Across the Pond the story was similarly positive. The Kauffman Index (an initiative which tracks start-ups in the US) end of year report revealed that 17 out of the 25 largest states experienced a rise in new start-up figures. In fact, look across any body of water and the result was the same; global venture capital broke 2015’s record, reaching $150bn.
There is more cause to be positive. In this salubrious but increasingly competitive environment, start-ups are developing promising traits in order to stand out from their rivals; in its early year start-ups report, Silicon Valley watchdog Silicon Valley Innovation Centre highlighted the rise of ‘start-ups with a conscience’, which it explained as follows:
“Start-ups with a conscience” [are] companies that give back sizeable sums of their revenue to non-profits and charities, or the like. In the past year, likely due to Millennials overwhelming preferring to spend their money on companies that support their own beliefs and values, the dominant trend has been for start-ups in Silicon Valley to either directly or indirectly affect those that are in the greatest of need.”
One such company given by SVIC to illustrate this emerging concept is Bayes Impact whose self-described mission is “to build operational solutions to social problems by building software for governments and nonprofit organizations”. If you have followed our blog over the last year, you will know just how exciting we find these developments in the social-conscience of emerging companies and the market as a whole.
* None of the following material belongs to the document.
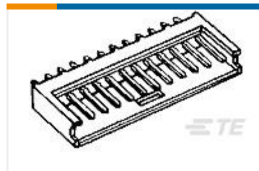
TE 产品编号280508-2 9P AMPMODU II SHRD HDR, ST, 0.38 AU

But they have not come from nowhere. They come from a society and an innovating generation more in tune with the problems facing the world. Remarkably, it may no longer be enough for organisations to say “We want to change the world”. People now want to know exactly how you intend to do so.
Bringing the health checks of the super-company and garage start-up together, it is interesting to note that one end of the spectrum is grappling with ethical/identity issues, just as those at the other are concertedly enhancing their public image and social standards. Fortunately, we are likely to see this mature into a bottom-up influence, as pressure is exerted from beneath to concentrate focus on social impact, values-based practices and externality consideration. In a society ever more aware of socio-economic, political and environmental issues, companies will not wish to be found neglecting these areas.
For a conclusion on these developments, it might be most appropriate to repeat that which we made on this same topic last year: “the struggle for existence has brought the best out of humanity time and time again. As a competitive environment combines with swiftly expanding horizons, the potential for human innovation increases, and we can be trusted to fill that capacity laudably.”
As a microcosm of the innovative world, the Silicon Valley crucible is giddier, higher-octane and less predictable than ever. But within the chaos there resides a steady undercurrent of progress which looks to be travelling in the right direction.